Confirmatory HIV Test to Prevent Incorrect HIV Diagnosis
Confirmatory HIV testing may substantially reduce the number of false diagnoses. Many infants in South Africa have been falsely diagnosed as HIV-infected and have been given unneeded treatments. This is the finding of a recent research at the University of Cape Town, South Africa.
Confirmatory testing is recommended by the World Health Organization and South African guidelines, but in many settings, uptake is low.

The specificity of nucleic acid amplification tests (NAATs) for early infant HIV diagnosis (EID) is less than 100 percent, meaning some infants are incorrectly diagnosed with HIV. Using an existing computer simulation model of pediatric HIV, the authors of the new study examined the impact of a second NAAT in infants to confirm a first positive result. They assumed a NAAT cost of $25, specificity of 99.6%, and sensitivity of 100%.

Without confirmatory testing, 128 of every 1000 infants initiating antiretroviral therapy (ART) were actually HIV-uninfected, due to false-positive diagnoses; with confirmatory testing, only 1 out of 1000 infants initiating ART was truly uninfected. Because a second round of testing averted costly and unnecessary HIV care and ART in HIV-uninfected infants, the additional testing was projected to be cost-saving over a lifetime, costing $1,790 per infant tested, compared to $1,830 without confirmatory testing.
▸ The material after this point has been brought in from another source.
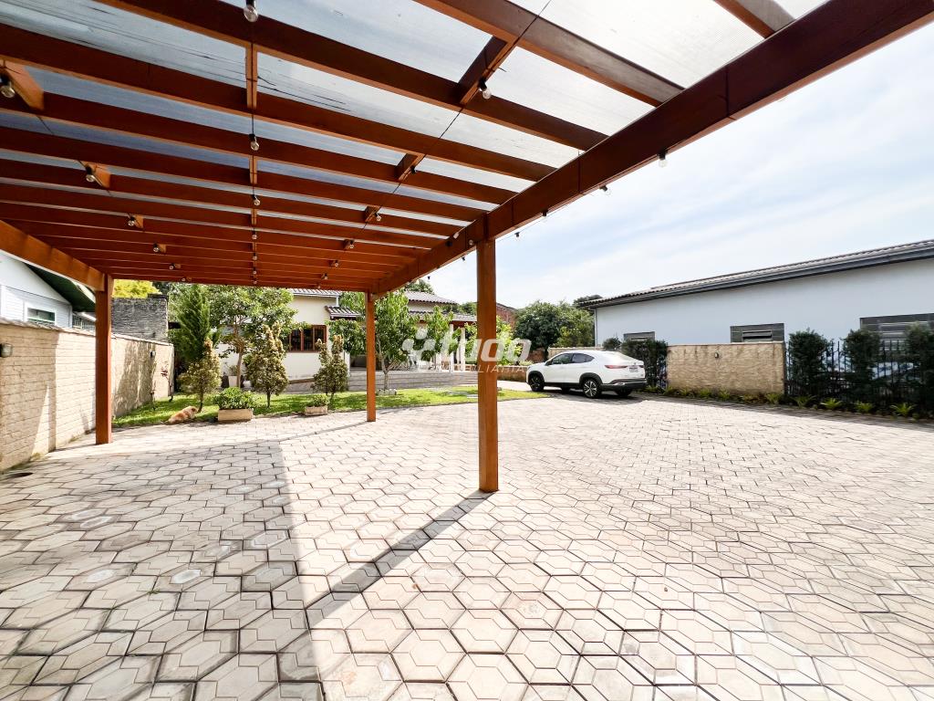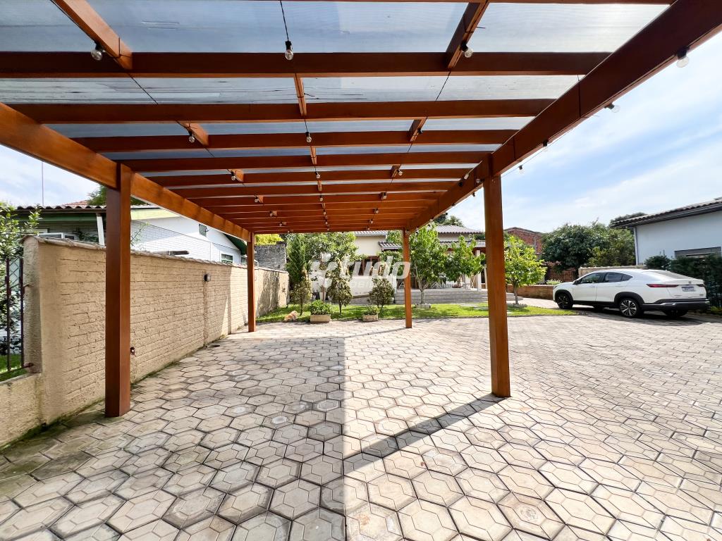 Pergolado coberto para abrigar 3 veículos, mas espaço no pátio para estacionamento.

The study went on to show that when confirmatory testing is used, ART should be initiated immediately after a first positive NAAT. Waiting even one month until the return of a second test to initiate ART can markedly reduce both short-term and long-term survival for HIV-infected infants.
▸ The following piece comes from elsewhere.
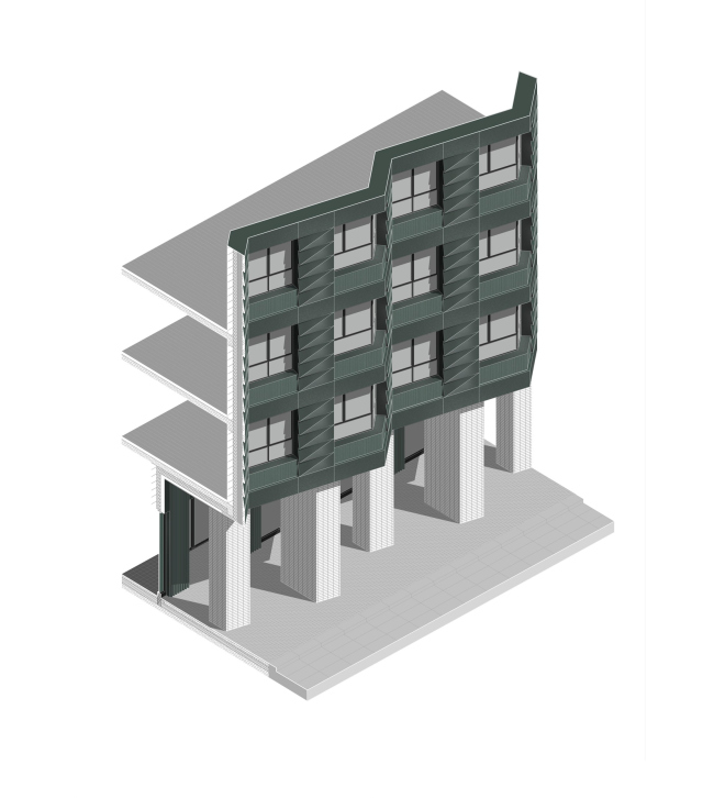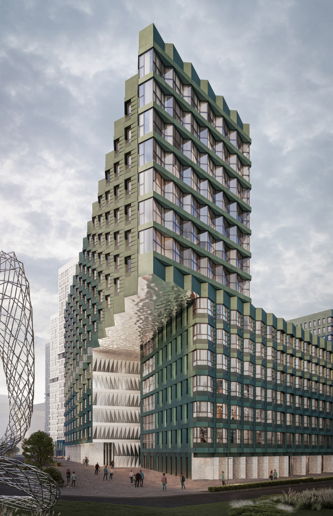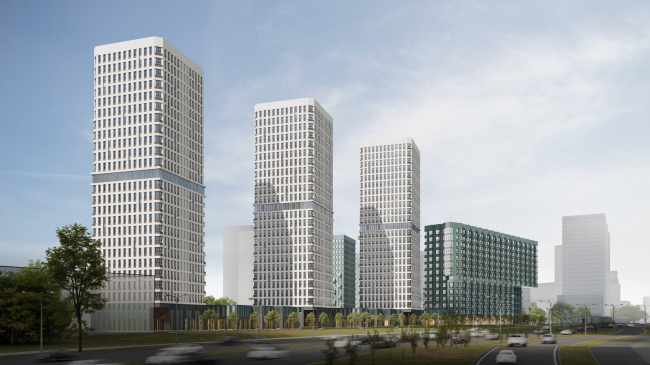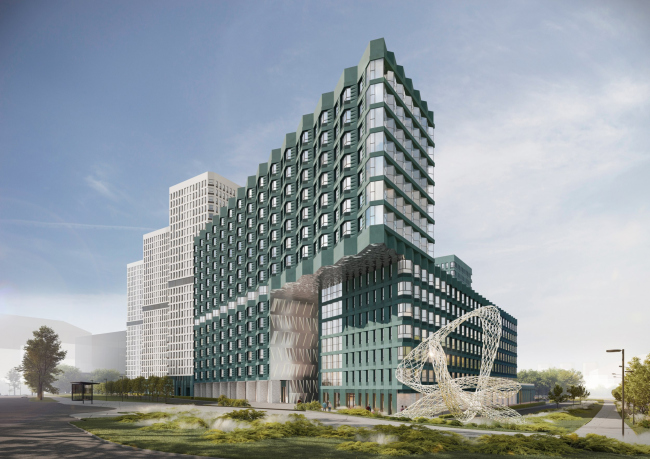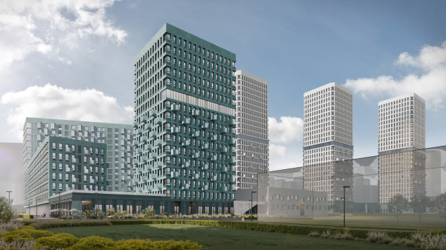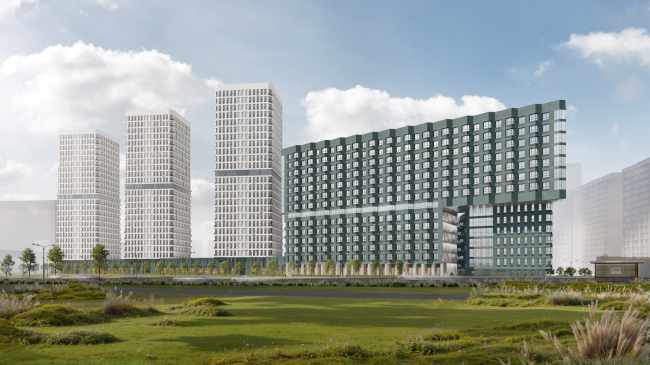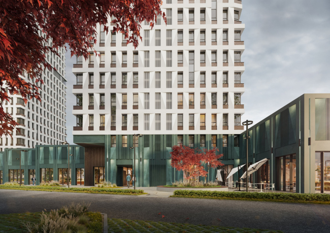 На эксплуатируемой кровле подземной автостоянки размещается благоустройство: площадки для отдыха взрослых, игры детей дошкольного и школьного возраста, спортивные зоны и озеленение. Вход на уровень благоустройства осуществляется непосредственно из подъездов жилых секций. Практически весь периметр участка сформирован встроенно-пристроенными помещениями, что обеспечивает естественное разделение общественной и частной зон, отвечая современным тенденциям формирования устойчивой и комфортной городской среды.

"We find that use of a second NAAT for confirmatory testing in EID programmes will substantially reduce the proportion of infants incorrectly diagnosed as HIV-infected and initiated on ART in settings with low infant HIV transmission rates like South Africa" says Ms. Dunning. "While projected cost differences are small, confirmatory testing is likely to be cost-saving under a wide range of scenarios in South Africa," notes Dr. Andrea Ciaranello of Massachusetts General Hospital and Harvard Medical School, senior author on the study. "Concerns about the cost of the second test itself should not be the reason to avoid this important intervention."